Tudo começou com dois soldadinhos de brinquedo. Vercilene Dias era pequena quando deixou o quilombo Kalunga (GO), e foi viver no Tocantins, para estudar. Quando ganhou o presente, ouviu dos padrinhos, com quem vivia, que os soldados eram bons e puniam as pessoas más. E ali, decidiu que queria ser igual a eles, para poder prender o coronel que ameaçava sua família e tentava negar seu pertencimento à terra.
“E aí não parei mais. Parece que cada passo que eu dava era um passo de realizações, de seguir em frente. Se eu tivesse pelo menos a chance de estudar, para mim acho que já era suficiente”.
O interesse pela Justiça cresceu e os soldadinhos viraram um diploma em Direito e um título de Mestre em Direito Agrário. Não sem dificuldades, se tornou a primeira quilombola do Brasil a receber ambos. “Eu sentia que ser advogada era defender os direitos da minha família, dos meus, da população quilombola que vem sendo extremamente vulnerabilizada e invisibilizada durante todos esses séculos de resistência”.
Como assessora jurídica da Coordenação Nacional de Articulação das Comunidades Negras Rurais Quilombolas (Conaq), esteve entre as primeiras quilombolas do país a assinar uma ação no Supremo Tribunal Federal. Mas o pioneirismo, ela conta, apesar de gratificante, é um trajeto solitário. “A responsabilidade é muito grande, o peso é enorme.

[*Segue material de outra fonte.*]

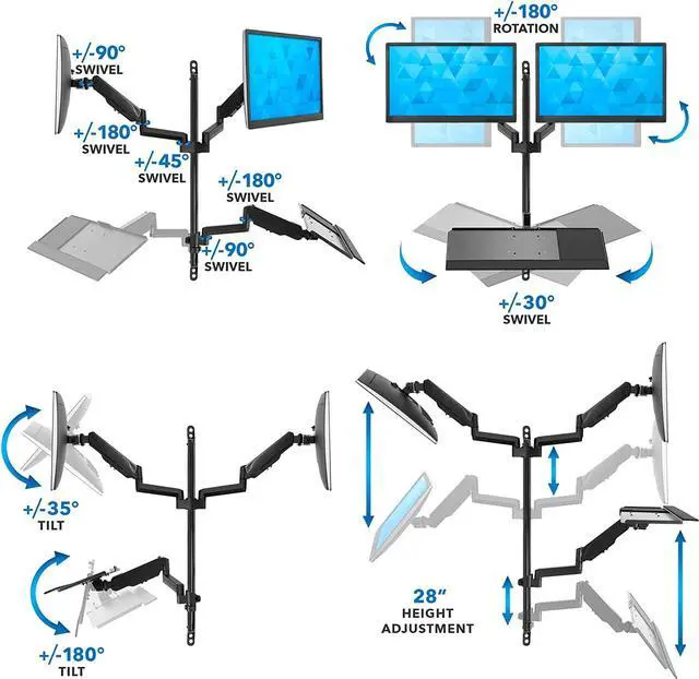 BONUS FEATURES: Keyboard tray comes with a soft wrist pad for added comfort. Cable management on the arms offer clean installation. Removable VESA heads allow easy installation of monitors and quick disconnect function. Wide range of height and angle adjustment at each arm ensure every user can adjust the screens and the keyboard to an ergonomic position.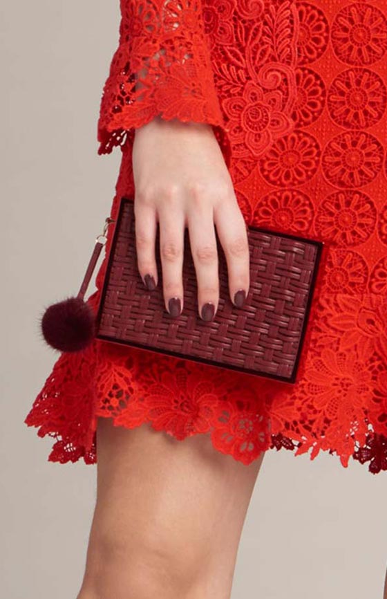 شنطة كلتش برغندي من توقيع مونيك لولييه Monique Lhuillier.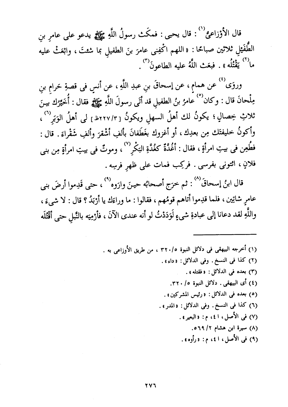 قَالَ الْأَوْزَاعِيُّ: قَالَ يَحْيَى: فَمَكَثَ رَسُولُ اللَّهِ صَلَّى اللَّهُ عَلَيْهِ وَسَلَّمَ يَدْعُو عَلَى عَامِرِ بْنِ الطُّفَيْلِ ثَلَاثِينَ صَبَاحًا: «اللَّهُمَّ اكْفِنِي عَامِرَ بْنَ الطُّفَيْلِ بِمَا شِئْتَ، وَابْعَثْ عَلَيْهِ مَا يَقْتُلُهُ» . فَبَعَثَ اللَّهُ عَلَيْهِ الطَّاعُونَ.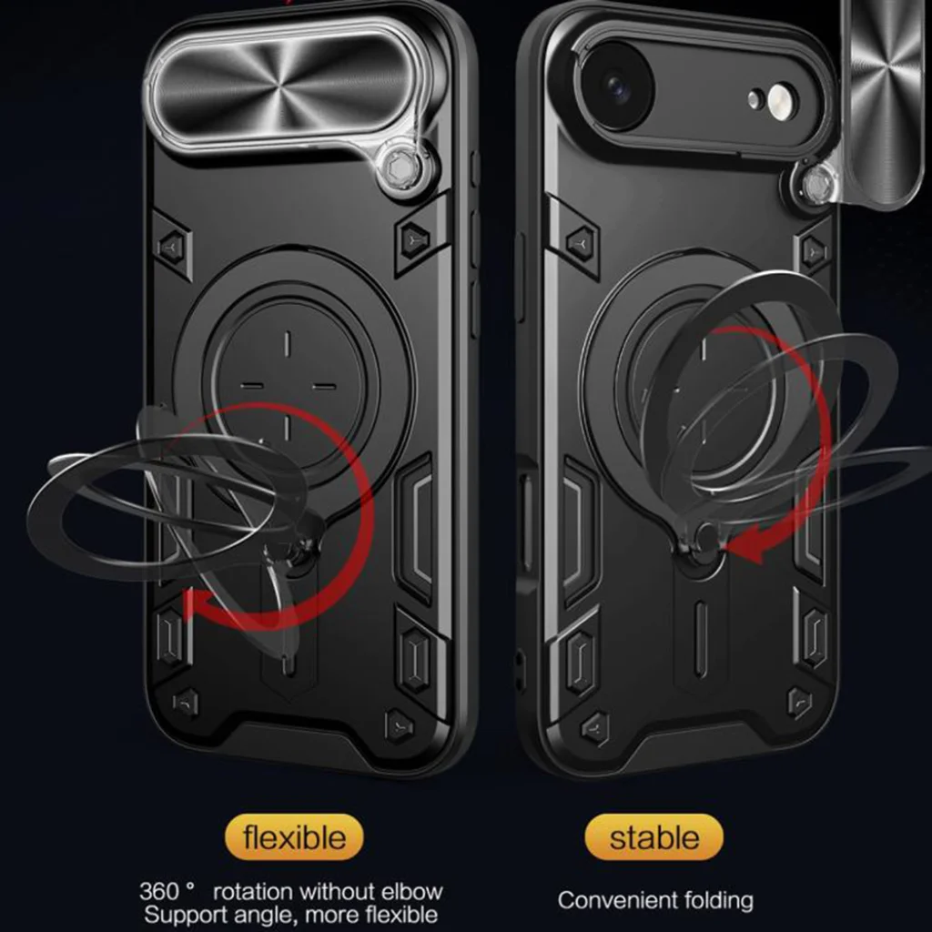 - 360°-ban forgatható gyűrűs állvány: Az integrált gyűrű könnyedén, 360 fokban elforgatható, így bármilyen szögben kényelmesen használható állványként. Ideális videók nézéséhez (vízszintes képernyő) vagy videóhívásokhoz és böngészéshez (függőleges képernyő), otthon és munkahelyen egyaránt. Hajtogatható kialakítása miatt stabil és kényelmesen elrejthető, amikor nincs rá szükség.
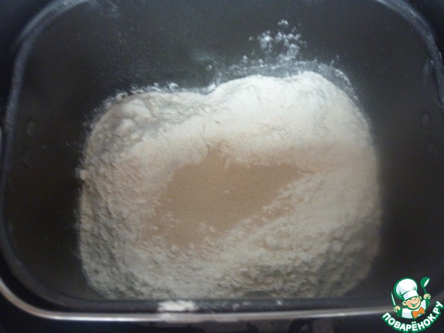 Все виды муки и последним дрожжи. Ставим соответствующую программу ( у меня цельнозерновой хлеб, средняя корочка, вес 1000г)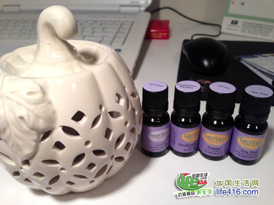 2013年1月16日最新消息:最近加拿大和美国爆发流感,大家可以考虑买些精油制作杀菌的空气清新剂。配方是:80ml纯净水+30滴纯精油,推荐精油:15滴茶树(强大的空气杀菌剂,呼吸道消炎)+10滴尤加利(缓解呼吸道各种症状:鼻塞、支气管炎、咳嗽、喉咙痛)+5滴甜橙(果香调和药味)。Green Valley 家的10ml的茶树精油$11.2、尤加利$9.8、甜橙$8.2,都不太贵。正好现在小编正在组强第二轮拼邮,感兴趣的朋友可以试试,时不时在家里喷喷,保护全家健康。注意:家里有孕妇的请不要购买。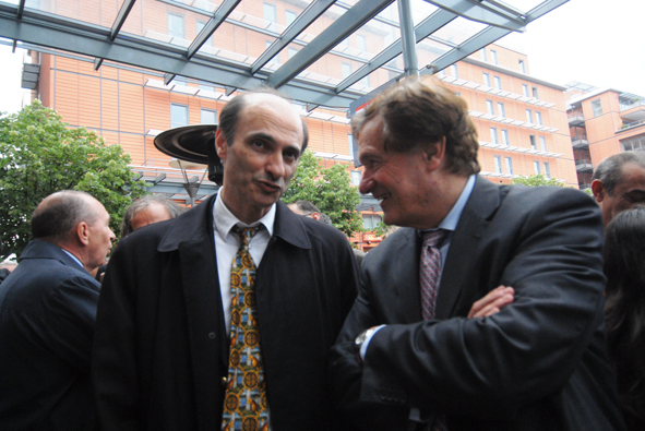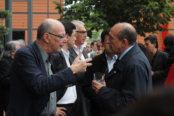 L'adjoint Verts Etienne Tête en discussion avec le Pr Daniel Malicier, patron de l'institut médico-légal de Lyon et candidat PS dans le 5e canton.

Mas é gratificante saber que eu abri o espaço para várias outras mulheres brilharem e mostrarem que a gente é capaz também de estar ocupando esses espaços”.
“Hoje, eu colho a realização de um sonho, de lutar pelos direitos dos meus como se fossem os meus direitos”, Vercilene completa. “A luta continua, porque ela é constante na nossa vida. Tem uma longa jornada ainda pela frente. Mas a força que me guia é saber que as pessoas que vão ser beneficiadas estão lá na ponta e são minha família, meus amigos, companheiros de luta.”